The validation of our PolyhHb-based perfusate, and furthermore, the stability of this perfusate over several hours, is demonstrated in Figure 10. Over the first 1 h, all perfusates tested (PolyhHb, Control (Williams Media + 5% HSA), RBC based) showed a slight decrease in LA pO₂ (Post pO₂). However, the RBC-based perfusate showed a significant decrease at 1 h compared to PolyhHb (p < 0.05). When tested over the next several hours, both PolyhHb and Control perfusates had stable LA pO_2, while PolyhHb had a non-significant trend (p > 0.05) of higher pO₂ (Figure 10A). Delta pO₂, i.e., the change in the LA pO₂ from PA pO₂, again significantly decreased at 1 h in the RBC perfusate group (p < 0.05), while it remained stable in the PolyhHb and Control perfusates with a non-significant trend (p > 0.05) of higher pO₂ in the PolyhHb group (Figure 10B). LA pCO₂ was significantly lower in the RBC perfusate and the Control perfusate when compared to the PolyhHb perfusate after the first hour (p < 0.05), and this held true over the next several hours when comparing PolyhHb and Control perfusate (Figure 10C). Finally, delta pCO₂ (i.e., the change in the LA pCO2 from PA pCO2) was significantly increased in the RBC perfusate after 1 h (p < 0.05), and after several hours remained stable in both the PolyhHb and Control perfusate (Figure 10D).

The real-time lung physiological data collected through the acquisition software provides complementary information to perfusate gas levels (Figure 11).
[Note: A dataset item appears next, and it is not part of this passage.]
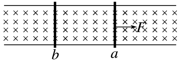 如图所示,在两光滑水平金属导轨上静止放置 $a 、 b$ 两根导体棒,整个装置处于坚直向下的匀强磁场中,用水平恒力 $F$ 拉动 $a$ 棒,在运动过程中,$a 、 b$ 棒始终与导轨接触良好,若不计导轨电阻,下列说法正确的是

Pulmonary vascular resistance (PVR) again showed that the RBC perfusate significantly increased over the first hour (p < 0.05). Over the several remaining hours, both the PolyhHb and Control perfusates had stable and low PVR (Figure 11A). The change in lung weight also significantly increased in the RBC perfusate over the first hour (p < 0.05) and increased in both the PolyhHb and Control perfusate over the remaining hours with a slightly higher weight in the PolyhHb perfusate (Figure 11B). Finally, compliance decreased significantly in the RBC perfusate group within the first hour (p < 0.05), while there was a non-significant decrease in the PolyhHb and Control perfusate (p > 0.05), with PolyhHb having the highest compliance after 4 h (Figure 11C).

In terms of technical success and/or failure (Figure 12), several things are important to draw attention to. In Figure 12A, we can see allograft failure due to right upper lobe necrosis due to a possible clot within the pulmonary vasculature. In Figure 12B, we note severe tissue edema within the right lobe as well, leading to experimental failure. Figure 12C-E show proper tissue preservation and appearance within respective experimental conditions. Finally, in Figure 12F, we can see ideal tissue preservation following flushing with a lung preservation solution.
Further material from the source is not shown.